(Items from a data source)
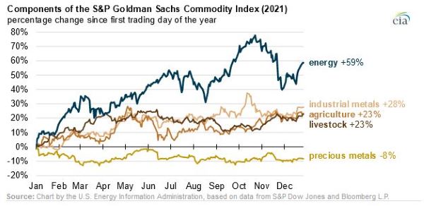 Commodity markets had a banner year in 2021. Multiple sectors posted strong gains as buyers stepped into the commodity markets. The components that make up the Goldman Sacs commodity index reflected those gains, with only the precious metals sector pulling a lower trade during the year. The index is heavily weighted on energy markets, and the energy markets tallied a 59% gain over the year as strong demand returned into those markets. Agricultural markets (grains/cotton) posted a 23% gain, supported by strong demand and weather concerns. Livestock markets added 23% as well, reflecting good product demand and overall product supplies. In addition to individual stories, commodity markets were the backside of the inflation play, reflecting the inflation growth in the U.S. and globally. A lot of the same components are still in place for commodity markets going into 2022, so the potential for additional gains is a possibility.
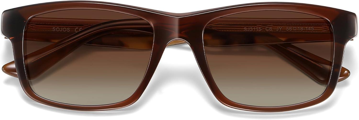 SOJOS Rectangle Polarized Sunglasses for Men Women Classic Acetate Frame UV Protective Wide Vision Shades SJ3115(Brown/Brown)
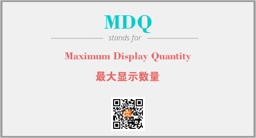 英文缩略词“MDQ”经常作为“Maximum Display Quantity”的英文缩写来使用,中文表示:“最大显示数量”。本文将详细介绍英文缩写词MDQ所代表英文单词,其对应的中文拼音、详细解释以及在英语中的流行度。此外,还有关于缩略词MDQ的分类、应用领域及相关应用示例等。
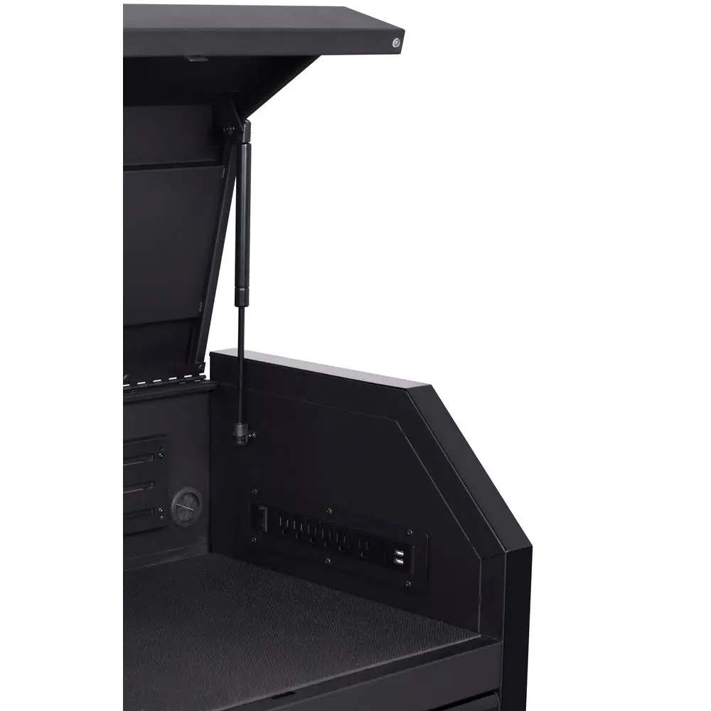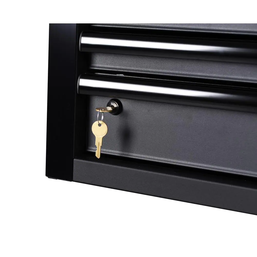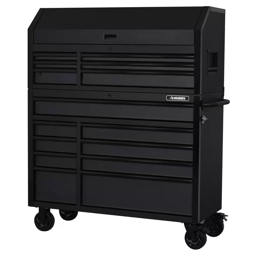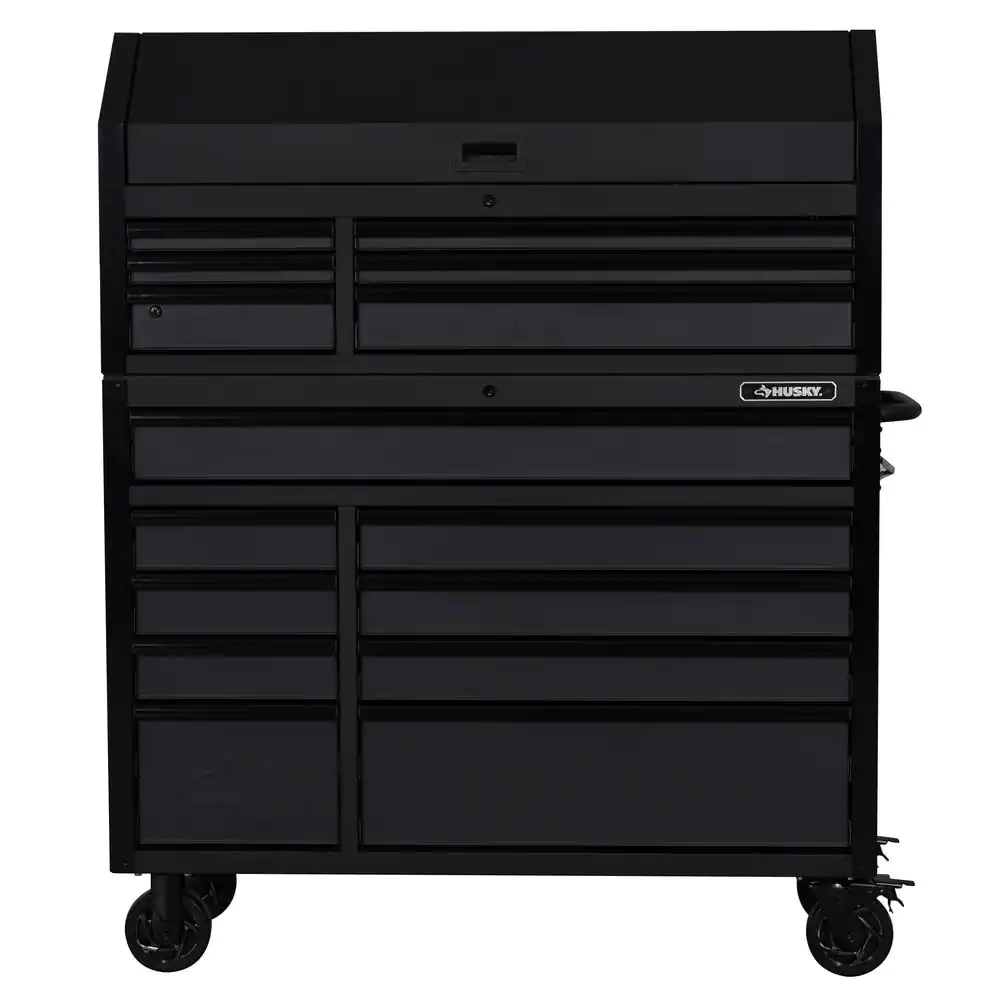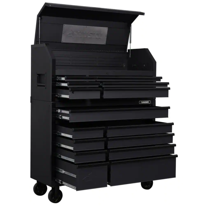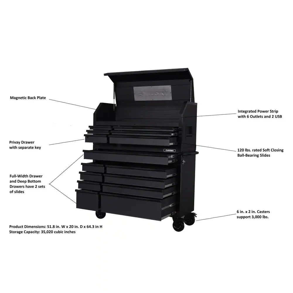 The latest generation of the Husky Industrial 52 in. W x 20 in. D 6-Drawer Tool Chest has arrived. The chest is built to last with all-welded 19-Gauge steel construction and is finished with a tough, industrial textured black powder-coat finish. All drawers are full-extension and glide on ball bearing slides that can support up to 120 lbs. These slides also have a soft-close retention system that pulls drawers closed and ensures that they are secured. An additional set of slides has been added to the full-width drawer and bottom deep drawers to accommodate heavier loads. The reinforced top lid is supported by gas struts, which make it easier to open and close, while the back of the top till has a large magnetic plate that provides storage and quick access to frequently used tools. Also, inside the lid are 6 electrical outlets and 2 USB ports that allow you to securely charge tools and portable devices while unit is locked. The casters have been upgraded to an even heavier-duty 6 in. x 2 in. size, and moving the cabinet around your workplace is easy with the ergonomic tubular handle.
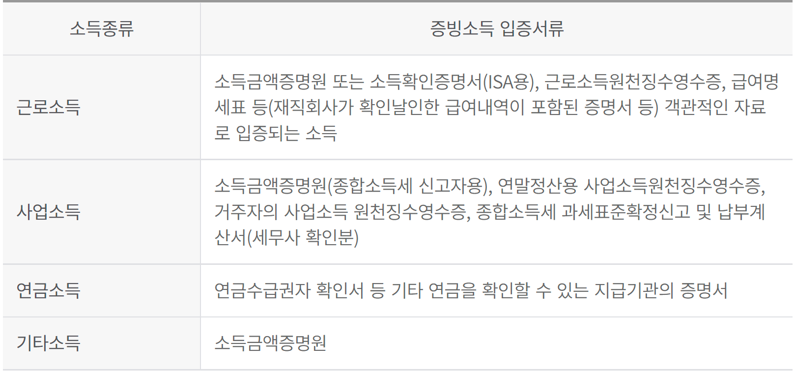 소득종류별 증빙소득 입증서류 (아래 서류 중 택1)
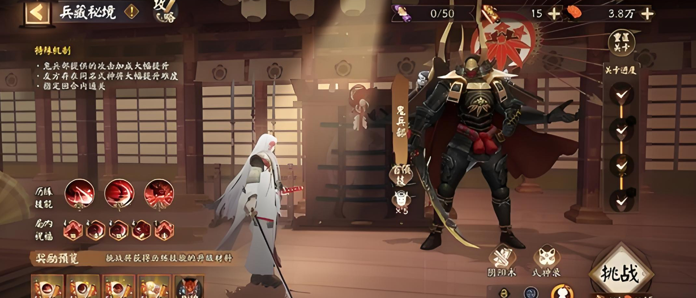 2、歷練技能需攜帶天下布武和鬼神之策,局內祝福按順序選天下布武絕命,劍之壘乘勝,天下布武血怒,鬼胄追擊和鬼胄誘敵。
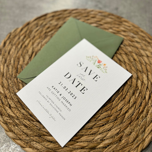 The Sophie - Save the date luxury Ribbon Wedding & Envelope | Simple stationery | Personalised invitation | Sage green, Pink, Dusky Blue, Burnt Orange
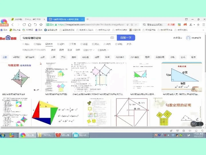 杨孝斌教授提到在很早以前,许多民族都对勾股定理进行过研究。在古代巴比伦、古代中国、古埃及、古希腊等文明中,都有关于勾股定理的研究。对于古巴比伦文明,最近两个世纪以来发现了无数那个古老文明留下的文物----泥板。在众多的泥板中有一块编号为普林顿322号收藏品有对勾股定理的运用。在西方,勾股定理被称之为“毕达哥拉斯定理”。相传2500年前,有一次毕达哥拉斯在朋友家做客时,发现朋友家用砖铺成的地面中反映了直角三角形三边的某种特性。同样地,在我国古代很早就有了对勾股定理的研究。在我国的《周髀算经》一书中已经有了关于勾股定理的记载。
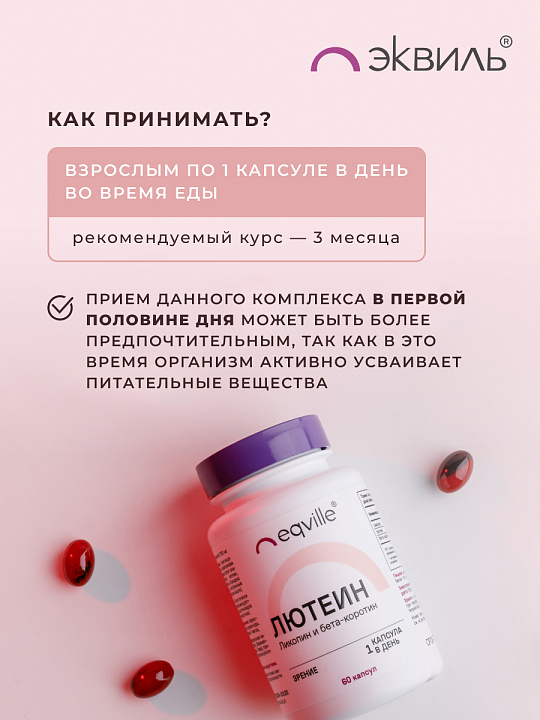 Лютеин —каратиноид природный светофильтр, обеспечивает высокое качество зрения и комплексную защиту макулы и других структур глаза от воздействия на них неблагоприятных факторов. Лютеин способен тормозить образование и накопление липофусцина, пигмента, который задействован в процессе развития возрастной дистрофии сетчатки глаза.
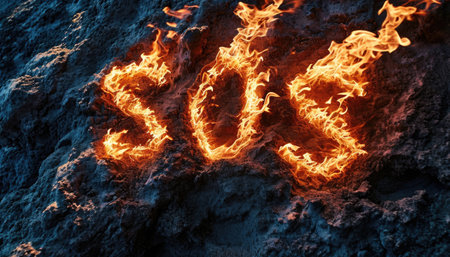 Word SOS made of red smoke in cloudy sky
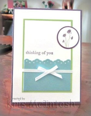 I started with a base of Perfect Plum and added a layer of Whisper White card.  The middle section of the card consists of a Layer of Pear Pizzazz.  I punched one edge of  Baja Breeze card using the  Eyelet Edge Punch and attached it to a piece of Whisper White card.  I wrapped this layer with Whisper White 1/8″ Taffeta Ribbon before attaching it to the card.   I stamped “thinking of your” from the Three Little Words stampset using Perfect Plum ink.  I inked  an image from the Silhouette Sentiments stampset using my Perfect Plum and Pear Pizzazz Stampin’ Write Markers and stamped onto Whisper White card.  I punched the image using the 1 1/4″ circle punch and added a Perfect Plum 1 3/8″ circle before attaching it to the card.  Lastly I tied a bow with Whisper White 1/8″ Taffeta ribbon and attached it to the card using a Mini Glue Dot.
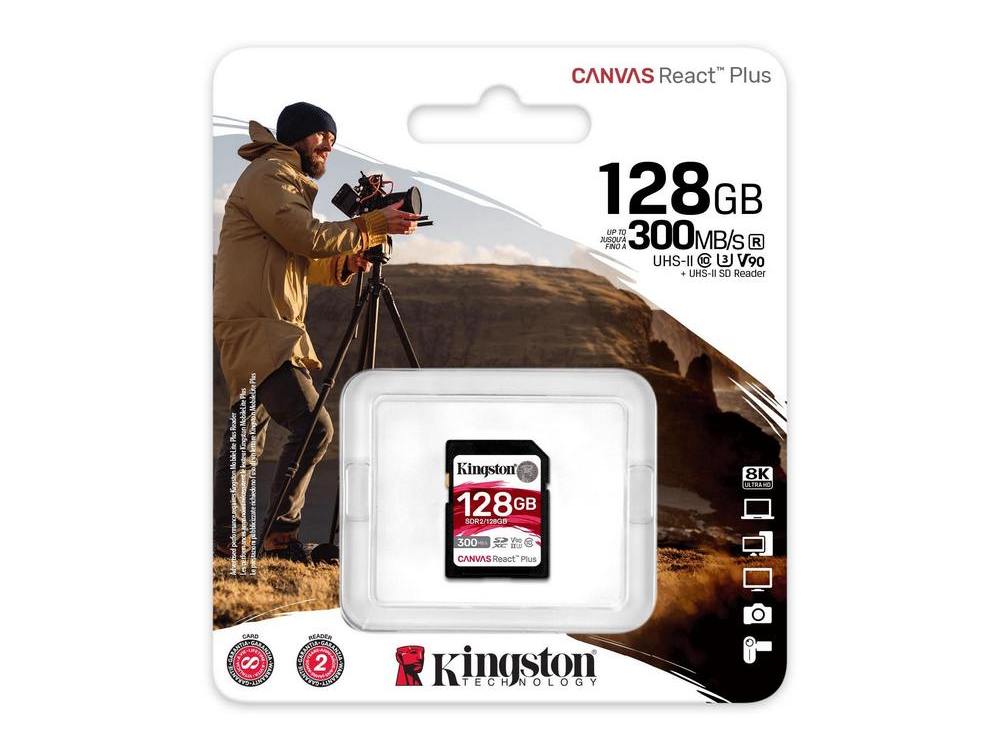 - .128GB SDXC Card (Class 10) UHS-II , U3, Kingston Canvas React Plus "SDR2/128GB" (R/W:300/260MB/s)
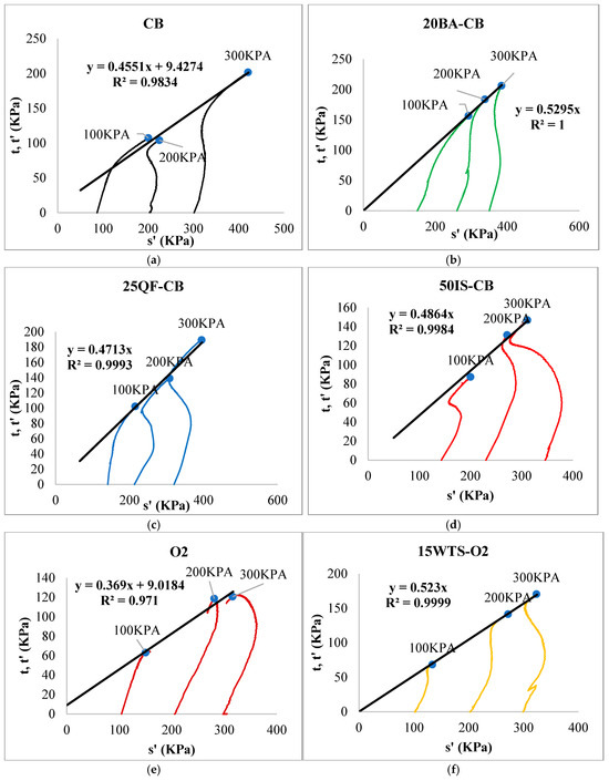 Stress curves for the different materials: (a) soil CB; (b) soil CB with 20% of BA; (c) soil CB with 25% of QF; (d) soil CB with 50% of IS; (e) soil O2; (f) soil O2 with 15% of WTS.
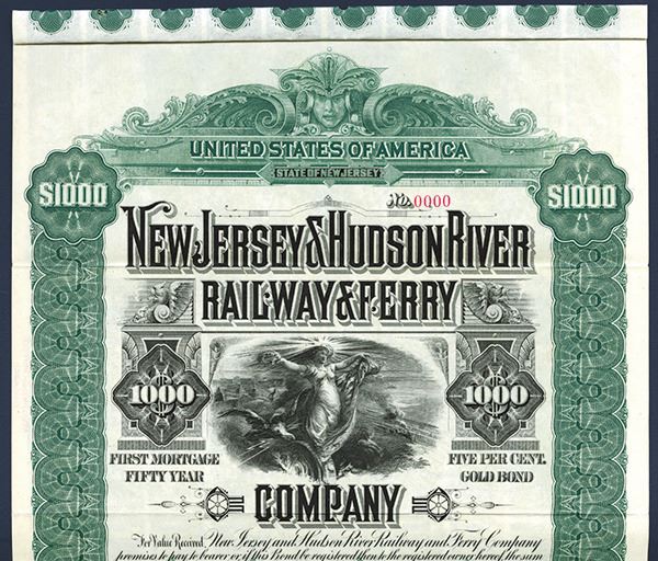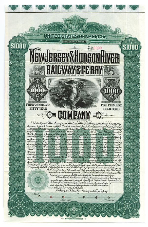 New Jersey. $1000 Specimen 5% 1st Mortgage Gold Coupon Bond. Black print with a very ornate green border and underprint. Dramatic vignette of allegorical liberty holding a flag and standing beside an American Bald Eagle with lightening bolts in his talons. S/N "0000" and POC's, coupons attached, XF condition, WBNC. Rare bond and possibly unique.

• Work instruction:
When repeating the entries, leave out every picture and keep the rest exact.

• Answer to the exercise:
 Commodity markets had a banner year in 2021. Multiple sectors posted strong gains as buyers stepped into the commodity markets. The components that make up the Goldman Sacs commodity index reflected those gains, with only the precious metals sector pulling a lower trade during the year. The index is heavily weighted on energy markets, and the energy markets tallied a 59% gain over the year as strong demand returned into those markets. Agricultural markets (grains/cotton) posted a 23% gain, supported by strong demand and weather concerns. Livestock markets added 23% as well, reflecting good product demand and overall product supplies. In addition to individual stories, commodity markets were the backside of the inflation play, reflecting the inflation growth in the U.S. and globally. A lot of the same components are still in place for commodity markets going into 2022, so the potential for additional gains is a possibility.
 SOJOS Rectangle Polarized Sunglasses for Men Women Classic Acetate Frame UV Protective Wide Vision Shades SJ3115(Brown/Brown)
 英文缩略词“MDQ”经常作为“Maximum Display Quantity”的英文缩写来使用,中文表示:“最大显示数量”。本文将详细介绍英文缩写词MDQ所代表英文单词,其对应的中文拼音、详细解释以及在英语中的流行度。此外,还有关于缩略词MDQ的分类、应用领域及相关应用示例等。
 The latest generation of the Husky Industrial 52 in. W x 20 in. D 6-Drawer Tool Chest has arrived. The chest is built to last with all-welded 19-Gauge steel construction and is finished with a tough, industrial textured black powder-coat finish. All drawers are full-extension and glide on ball bearing slides that can support up to 120 lbs. These slides also have a soft-close retention system that pulls drawers closed and ensures that they are secured. An additional set of slides has been added to the full-width drawer and bottom deep drawers to accommodate heavier loads. The reinforced top lid is supported by gas struts, which make it easier to open and close, while the back of the top till has a large magnetic plate that provides storage and quick access to frequently used tools. Also, inside the lid are 6 electrical outlets and 2 USB ports that allow you to securely charge tools and portable devices while unit is locked. The casters have been upgraded to an even heavier-duty 6 in. x 2 in. size, and moving the cabinet around your workplace is easy with the ergonomic tubular handle.
 소득종류별 증빙소득 입증서류 (아래 서류 중 택1)
 2、歷練技能需攜帶天下布武和鬼神之策,局內祝福按順序選天下布武絕命,劍之壘乘勝,天下布武血怒,鬼胄追擊和鬼胄誘敵。
 The Sophie - Save the date luxury Ribbon Wedding & Envelope | Simple stationery | Personalised invitation | Sage green, Pink, Dusky Blue, Burnt Orange
 杨孝斌教授提到在很早以前,许多民族都对勾股定理进行过研究。在古代巴比伦、古代中国、古埃及、古希腊等文明中,都有关于勾股定理的研究。对于古巴比伦文明,最近两个世纪以来发现了无数那个古老文明留下的文物----泥板。在众多的泥板中有一块编号为普林顿322号收藏品有对勾股定理的运用。在西方,勾股定理被称之为“毕达哥拉斯定理”。相传2500年前,有一次毕达哥拉斯在朋友家做客时,发现朋友家用砖铺成的地面中反映了直角三角形三边的某种特性。同样地,在我国古代很早就有了对勾股定理的研究。在我国的《周髀算经》一书中已经有了关于勾股定理的记载。
 Лютеин —каратиноид природный светофильтр, обеспечивает высокое качество зрения и комплексную защиту макулы и других структур глаза от воздействия на них неблагоприятных факторов. Лютеин способен тормозить образование и накопление липофусцина, пигмента, который задействован в процессе развития возрастной дистрофии сетчатки глаза.
 Word SOS made of red smoke in cloudy sky
 I started with a base of Perfect Plum and added a layer of Whisper White card.  The middle section of the card consists of a Layer of Pear Pizzazz.  I punched one edge of  Baja Breeze card using the  Eyelet Edge Punch and attached it to a piece of Whisper White card.  I wrapped this layer with Whisper White 1/8″ Taffeta Ribbon before attaching it to the card.   I stamped “thinking of your” from the Three Little Words stampset using Perfect Plum ink.  I inked  an image from the Silhouette Sentiments stampset using my Perfect Plum and Pear Pizzazz Stampin’ Write Markers and stamped onto Whisper White card.  I punched the image using the 1 1/4″ circle punch and added a Perfect Plum 1 3/8″ circle before attaching it to the card.  Lastly I tied a bow with Whisper White 1/8″ Taffeta ribbon and attached it to the card using a Mini Glue Dot.
 - .128GB SDXC Card (Class 10) UHS-II , U3, Kingston Canvas React Plus "SDR2/128GB" (R/W:300/260MB/s)
 Stress curves for the different materials: (a) soil CB; (b) soil CB with 20% of BA; (c) soil CB with 25% of QF; (d) soil CB with 50% of IS; (e) soil O2; (f) soil O2 with 15% of WTS.
 New Jersey. $1000 Specimen 5% 1st Mortgage Gold Coupon Bond. Black print with a very ornate green border and underprint. Dramatic vignette of allegorical liberty holding a flag and standing beside an American Bald Eagle with lightening bolts in his talons. S/N "0000" and POC's, coupons attached, XF condition, WBNC. Rare bond and possibly unique.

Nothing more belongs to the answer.